Interdisciplinary solutions for a just energy transition

“Current grand challenges – the pressing societal and scientific problems shaping research at the UFS and globally – require students and researchers to include computational approaches such as modelling, simulations, and large-scale data analysis,” says Dr Jacques Maritz, Head of the Unit for Engineering Sciences at the UFS.

“One such example is in merging social dynamics with energy paradigms – two seemingly different worlds, yet connected via scientific elegance,” says Dr Maritz. Energy decisions, such as shifting to renewables, are shaped by the behaviour of communities, governments, and industries. As a recent response to these challenges, ecological and nature-based engineering sciences at the UFS aim to integrate human activity into nature, while benefiting both via the merging of computation, ecological engineering sciences, nature-based solutions, and data-driven complexity science. 

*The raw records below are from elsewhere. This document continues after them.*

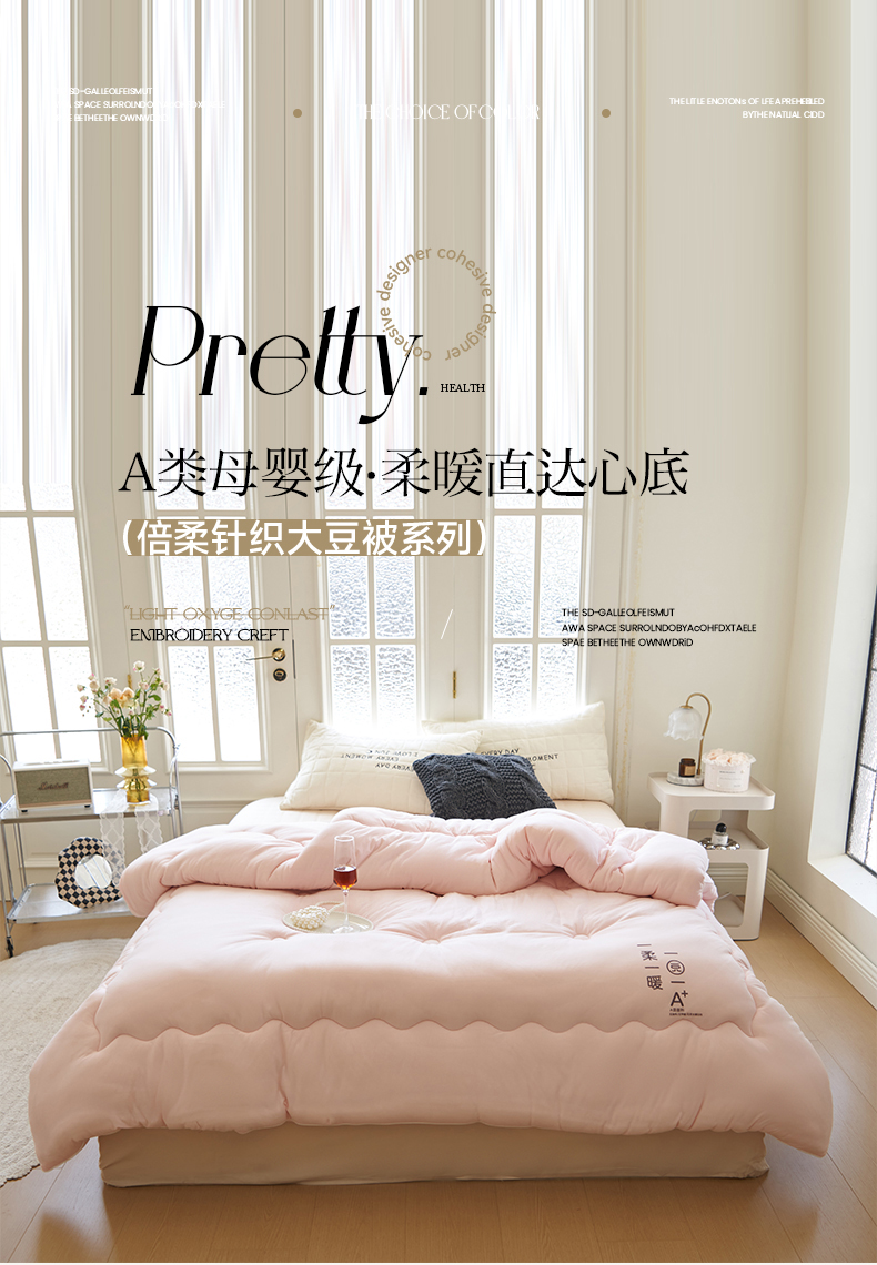 • 91家纺网 家纺一手货源 找家纺 巴宝路 2025新款A类母婴级柔暖针织大豆被 粉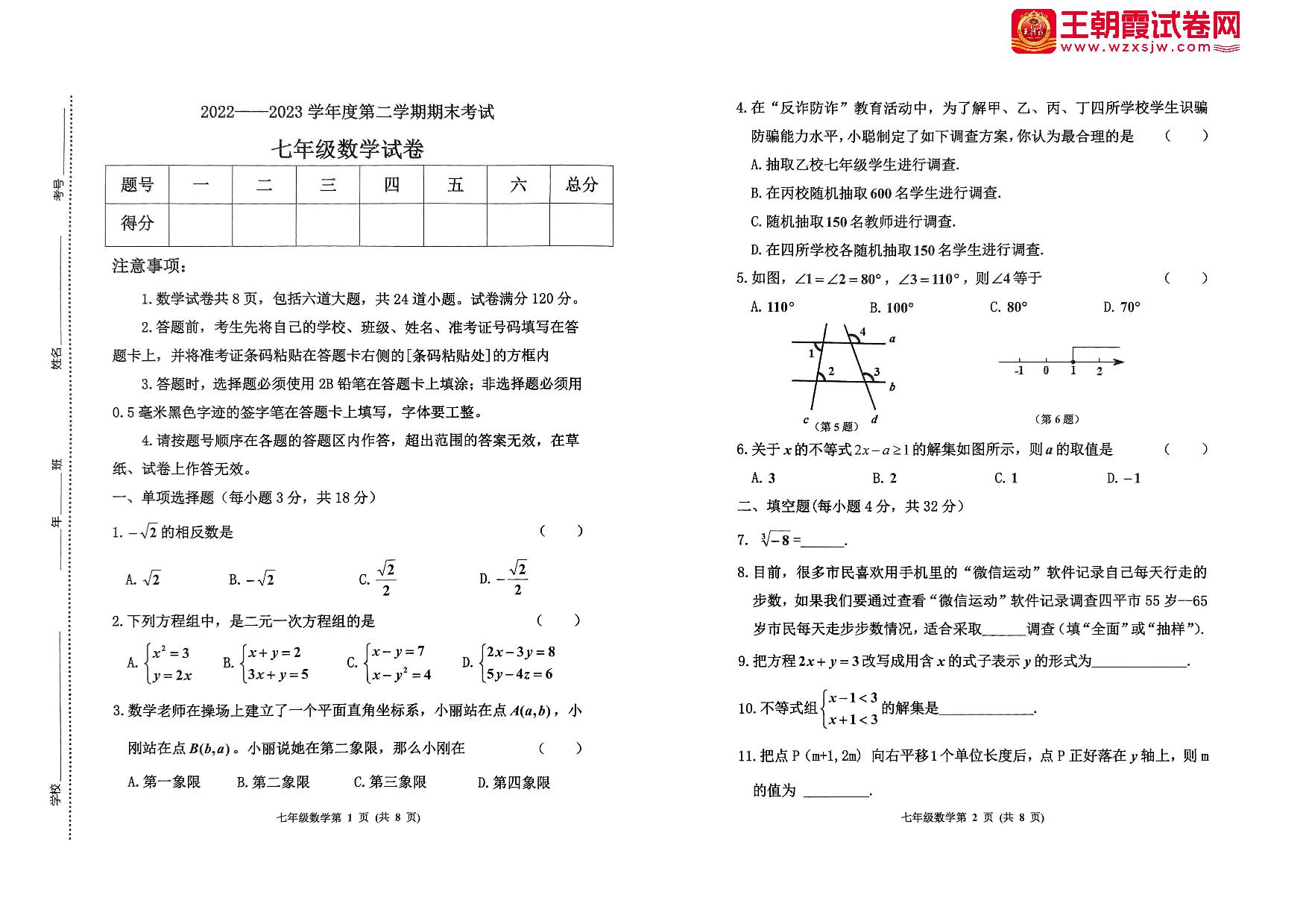 吉林省四平市伊通满族自治县2022-2023学年度第二学期期末考试七年级数学试卷(人教版)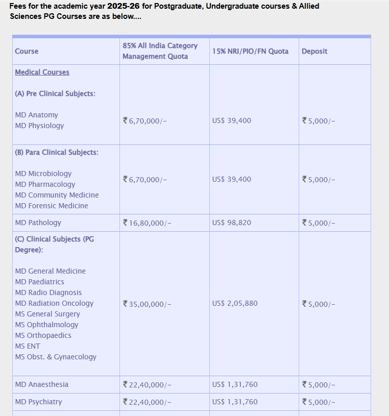 - The total fees for M.D Psychiatry is ₹ 67.25 Lakhs.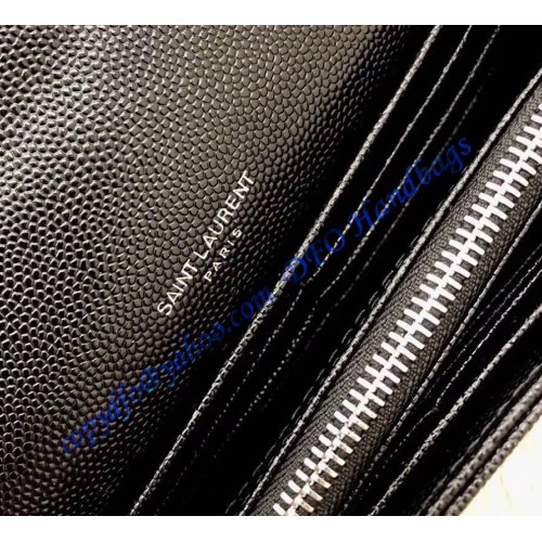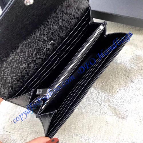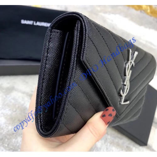 Saint Laurent Cassandre Matelasse Large Flap Wallet in Grain De Poudre Embossed Leather YW372264-B

The UFS’ pioneering project models these complex social-energy relationships to better understand how South Africa can sustainably and justly transition from fossil fuels to renewable energy. This interdisciplinary effort involves researchers and students from physics, sociology, engineering, data science, and mathematical modelling working together to map these interdependencies shaped by economic, political, cultural, and community forces.

For students such as Lurgasho Minnie, a final-year MSc Astrophysics student, this interdisciplinary exposure is transformative. “It has given me a new lens or perspective on approaching and solving problems in my field of research. By approaching challenges from an interdisciplinary point of view, new methods and techniques can be applied to solve challenging problems,” he says.

A crucial part of this research involves modelling dynamic social-energy networks using systems thinking, network analysis, and scenario planning. These tools help simulate interactions between government policies, community behaviour, environmental impacts, and technological innovations, allowing researchers to predict and plan for different future scenarios.

Students are actively shaping this work. The first set of social data was collected by UFS students on the Qwaqwa Campus, with training and support from the Centre for Global Change and Student Affairs. These data-gathering efforts are not only enriching the research but also building students' skills in real-world data collection and analysis.

“One of the study objectives is to inform the development of an awareness campaign about the complexities inherent in transitioning from a predominantly non-renewable to a renewable energy system, firstly aimed at UFS students but ultimately at the broader community,” explains Dr Nola Redelinghuys, Senior Lecturer in Sociology at the UFS.

The research team also hopes to help shape sustainable energy solutions for the university itself, with plans to create a renewable energy supply network that balances energy demand and renewable supply across the UFS campuses.

High-performance computing powering new insights 

At the heart of this initiative is the UFS High-Performance Computing (HPC) Unit, which enables researchers to run complex simulations and process vast data sets. The HPC is essential for solving problems that require immense computing power and data storage, and the UFS is making these resources accessible to a growing number of students – even those from non-computational disciplines.

“The eResearch and HPC team promotes the development of new skills and knowledge to harness the power of HPC and expand one’s technological abilities to solve problems. The HPC staff must first train a student or researcher to use the system effectively before using their toolsets. Thereafter, students can streamline or even automate specific processes by using a collection of more generic toolsets. Even if not using an HPC daily (or after entering the workforce), the HPC methodologies and toolsets they are exposed to often change how a person approaches future problem sets. Students using the HPC are more likely to share their experiences and are encouraged to assist other students in their department to lessen the burden of entry for newcomers. This broadens the collective knowledge within a department on their toolsets and how to use them effectively,” says Albert van Eck, Director of the UFS HPC.

The project is also laying the groundwork for partnerships with renewable energy companies, technology firms, NGOs, and development agencies. These collaborations will strengthen the UFS’ industry ties and create more work-integrated learning (WIL) opportunities for students.

As part of UFS Vision 130, this project advances academic excellence, societal impact, and inclusivity. By involving diverse staff and students from both the Bloemfontein and Qwaqwa Campuses, it demonstrates the university’s commitment to building a future-ready, skilled, and socially conscious graduate community prepared to tackle South Africa’s energy challenges.